WHO排除は「意地悪」なのか
新型コロナ禍の初期、日本のメディアは中国が台湾をWHOから排除しているとの批判を展開した。まるで中国が台湾に「意地悪をしている」かのような報道は、経緯を知らないのか、もしくは中国への悪意だろう。台湾は、民進党が「92コンセンサス」を否定するまでの8年間(2017年まで)、きちんとWHOと関わることができていた。できなくなったのは台湾側が約束に違反したからであり、中国の「意地悪」ではない。
もっとも、台湾側にも同情すべき事情はあった。
台湾では戦後、「省籍矛盾」と呼ばれる対立が底流でくすぶり続けてきた。「省籍矛盾」とは、蔣介石総統とともに海峡を渡ってきた普通中国語を操る大陸出身の「外省人」が、主に台湾語を話す台湾島生まれの「本省人」を支配し続けたことで生じた、不満と対立のことだ。
本省人が話す台湾語は「閩南語」であり、福建省南部の言葉だ。本省人は福建省南部から渡ってきたとされ、いまでも台湾の人々は、厦門の人々とは普通中国語ではなく閩南語で会話ができる。問題は、人口の約13%にすぎない外省人が、人口で約85%を占める本省人を政治的に支配しただけでなく、台湾の主な産業をも牛耳ってきたことだ。国民党の「党営」という手法だが、この問題は多くの場面で深刻な利害対立を招くことになる。
日本では報じられない中台対立の根源
そんな「省籍矛盾」の状況は、戦後初の本省人総統・国民党主席となった李登輝氏が「台湾アイデンティティ」を強調する政策を推進したことで大きく変わってくる。李登輝総統の台湾アイデンティティ重視は、台湾政界のライバルである外省人勢力との戦いが絡んだものとも指摘されるが、いずれにせよ李登輝総統の下で成長した民進党が「台湾アイデンティティ」の受け皿となり、台湾政治を台湾人(本省人)の手に、という流れを作り出してゆくのである。

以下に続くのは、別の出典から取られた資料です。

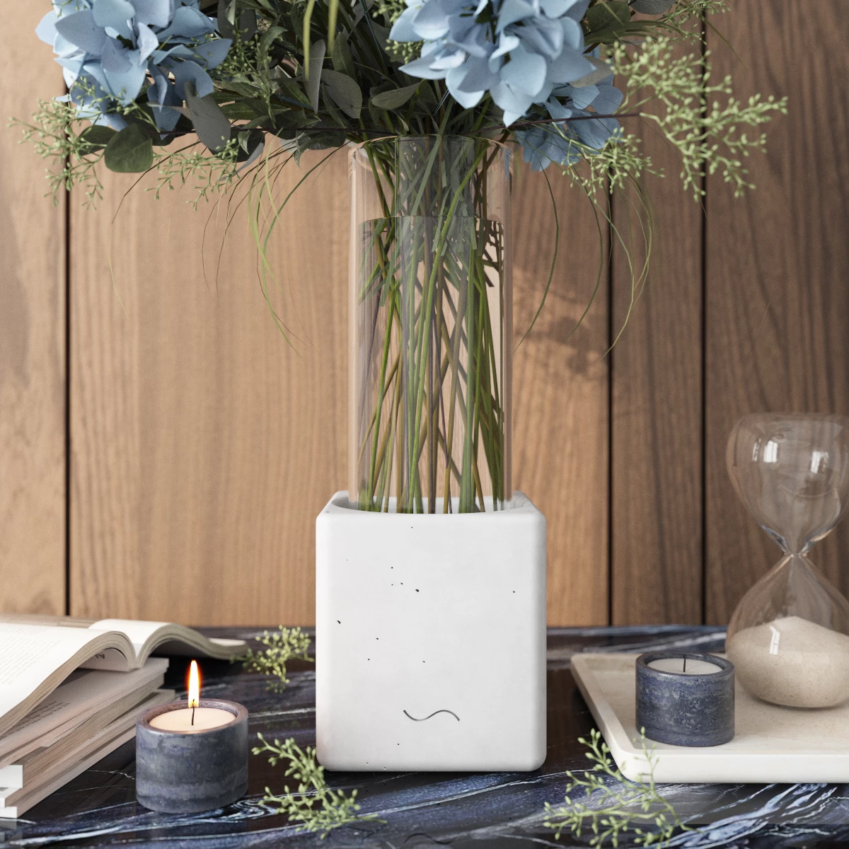 Декоративная ваза Ruby — это дуэт утонченного стекла и строгого бетона. Она идеально впишется в интерьер, выполненный в стиле сканди или минимализм.

この島内の変化が台湾海峡を挟んだ対立を複雑にし、中国を悩ませた。国民党との政争が激化する中で、民進党の掲げる「台湾アイデンティティ」が、日に日に本省人の間で広がり、挙げ句の果てに「自分は中国人ではない」という主張へとつながっていったからだ。
もし台湾が本気で「自分は中国人ではない」という考えに傾き、台湾を大陸から切り離そうとすれば、「平和統一」の前提は崩れ、場合によっては中国の定めた最後の一線、いわゆるレッドラインを踏み越え、北京も「したくない戦争」を覚悟するしかなくなるのだ。
中国は蔡総統の誕生から、台湾が水面下で独立を進めるのではないかと疑ってきたが、蔡氏の「92コンセンサス」の否定は、中国側の疑心を加速させた。それ以降中国は、台湾総統の言動に極めて神経質に反応し、釘を刺してきた。時に日本人の目に過剰とも映る、そうした北京の対応は、「したくない戦争」を避けるためでもあるのだ。